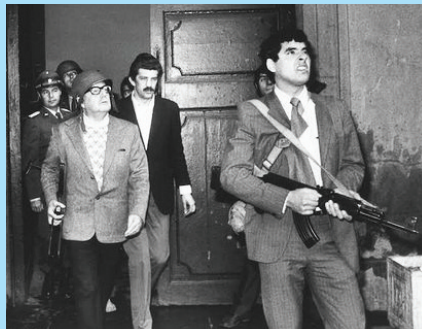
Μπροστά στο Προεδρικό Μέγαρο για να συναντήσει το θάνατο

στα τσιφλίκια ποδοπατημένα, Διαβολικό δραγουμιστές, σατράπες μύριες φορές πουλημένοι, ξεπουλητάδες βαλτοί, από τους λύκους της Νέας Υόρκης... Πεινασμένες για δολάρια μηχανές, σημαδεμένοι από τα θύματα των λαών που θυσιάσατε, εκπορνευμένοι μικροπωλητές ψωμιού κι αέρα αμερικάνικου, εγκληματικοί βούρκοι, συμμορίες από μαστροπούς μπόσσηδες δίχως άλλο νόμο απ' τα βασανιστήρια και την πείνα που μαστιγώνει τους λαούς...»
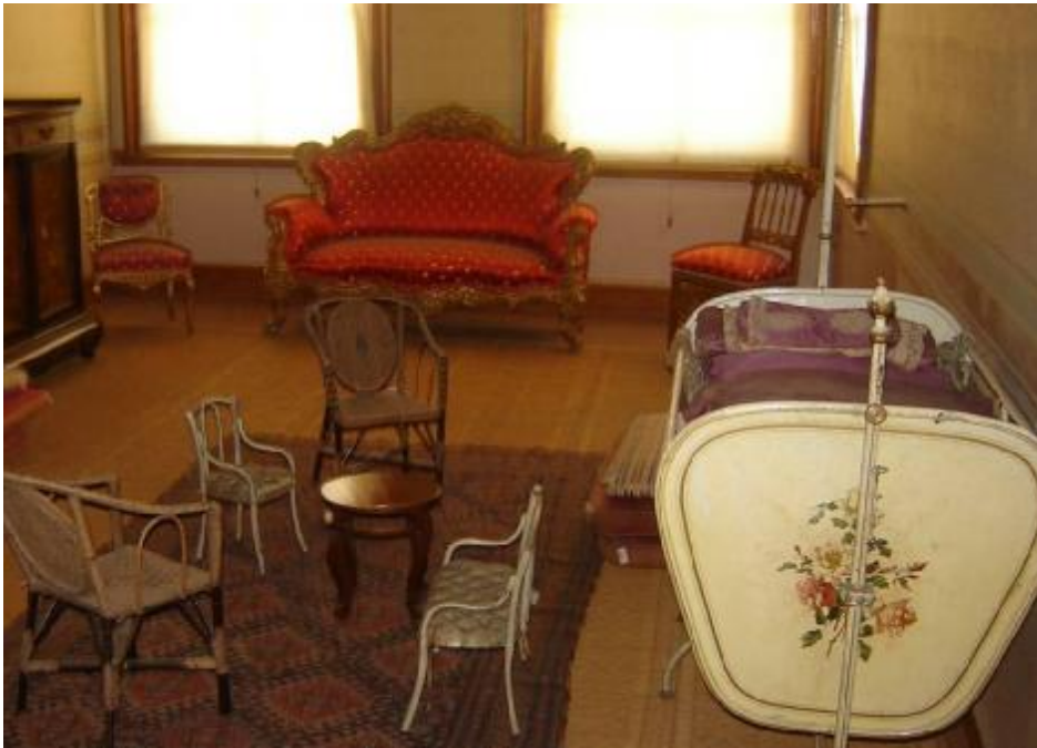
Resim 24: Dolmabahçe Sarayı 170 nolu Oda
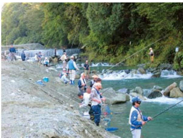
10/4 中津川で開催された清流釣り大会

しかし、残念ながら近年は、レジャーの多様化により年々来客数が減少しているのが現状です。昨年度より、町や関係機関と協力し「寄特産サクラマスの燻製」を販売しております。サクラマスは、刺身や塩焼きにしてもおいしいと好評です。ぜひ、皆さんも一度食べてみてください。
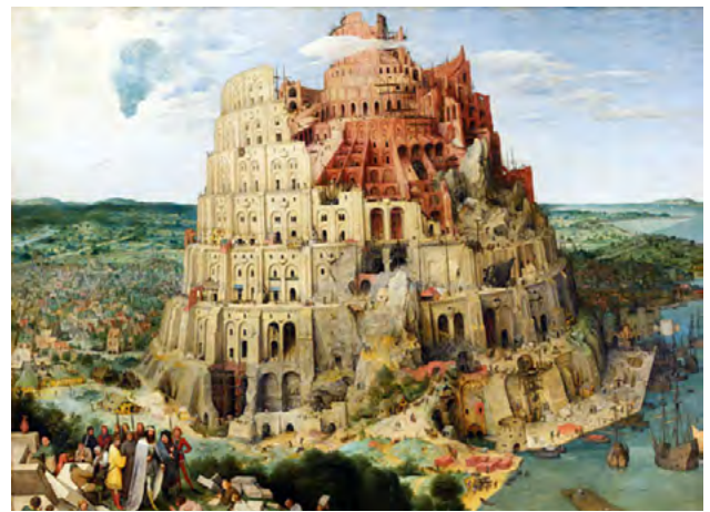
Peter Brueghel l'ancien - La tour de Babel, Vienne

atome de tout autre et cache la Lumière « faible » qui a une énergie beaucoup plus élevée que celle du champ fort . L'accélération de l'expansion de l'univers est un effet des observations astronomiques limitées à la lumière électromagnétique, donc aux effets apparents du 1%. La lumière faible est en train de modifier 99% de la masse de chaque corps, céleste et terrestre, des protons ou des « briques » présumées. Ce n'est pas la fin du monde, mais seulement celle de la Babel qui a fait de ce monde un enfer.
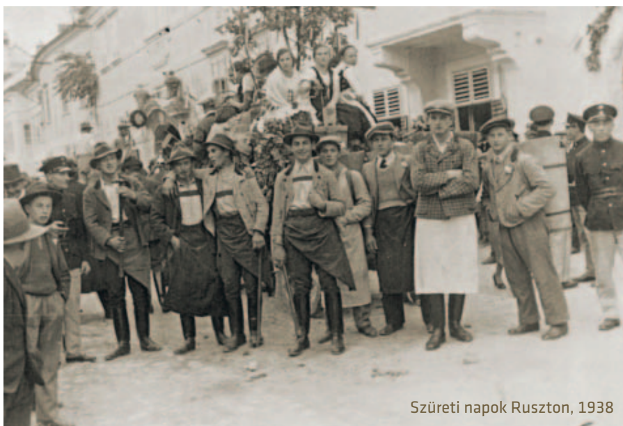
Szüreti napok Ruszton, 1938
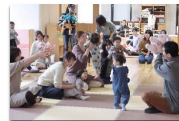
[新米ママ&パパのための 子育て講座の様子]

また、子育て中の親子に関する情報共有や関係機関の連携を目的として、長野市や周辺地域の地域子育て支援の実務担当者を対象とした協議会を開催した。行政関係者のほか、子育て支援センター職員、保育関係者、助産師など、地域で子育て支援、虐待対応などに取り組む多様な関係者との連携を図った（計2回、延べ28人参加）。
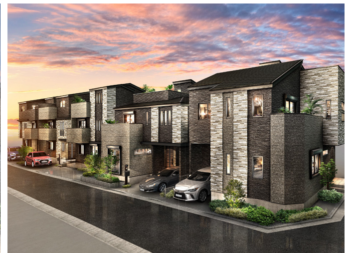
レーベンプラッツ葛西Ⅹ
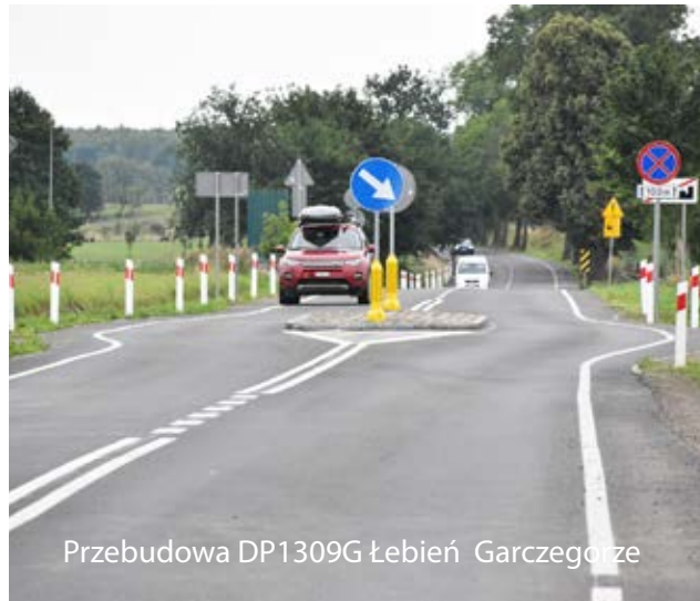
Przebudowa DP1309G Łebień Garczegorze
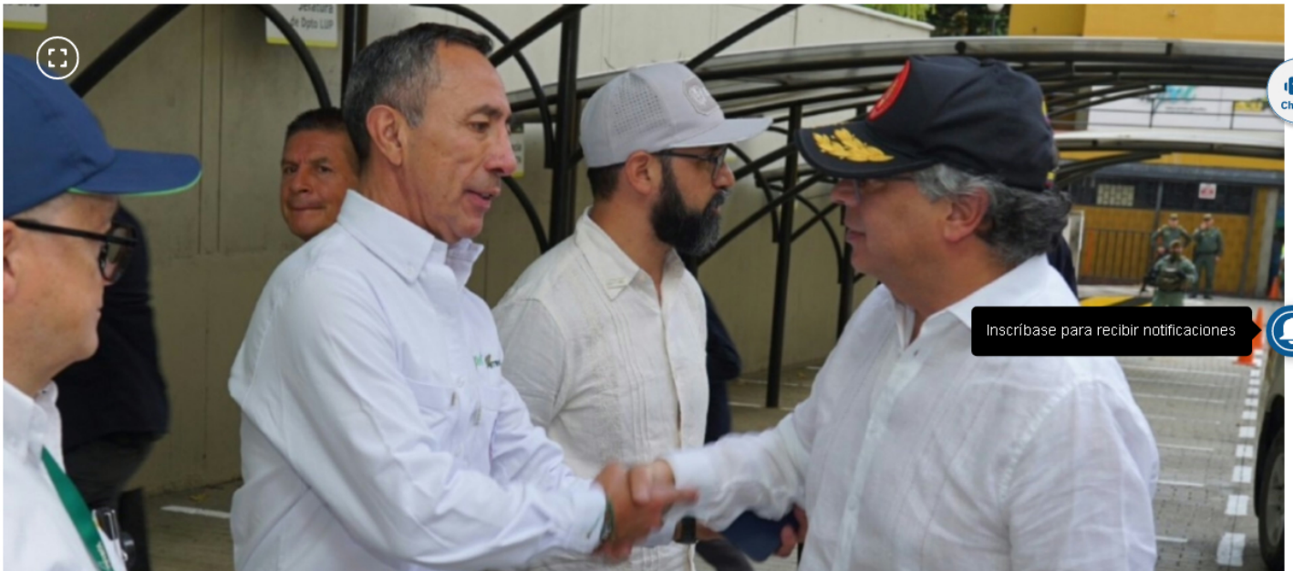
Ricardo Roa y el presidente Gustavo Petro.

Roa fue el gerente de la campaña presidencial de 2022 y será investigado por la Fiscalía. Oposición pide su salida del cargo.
+---+
Reproduce the records above exactly, but only from the line with "10/4 中津川で開催された清流釣り大会" up to and including the line with "Peter Brueghel l'ancien". Leave the pictures out.

### TASK ANSWER
10/4 中津川で開催された清流釣り大会

しかし、残念ながら近年は、レジャーの多様化により年々来客数が減少しているのが現状です。昨年度より、町や関係機関と協力し「寄特産サクラマスの燻製」を販売しております。サクラマスは、刺身や塩焼きにしてもおいしいと好評です。ぜひ、皆さんも一度食べてみてください。
Peter Brueghel l'ancien - La tour de Babel, Vienne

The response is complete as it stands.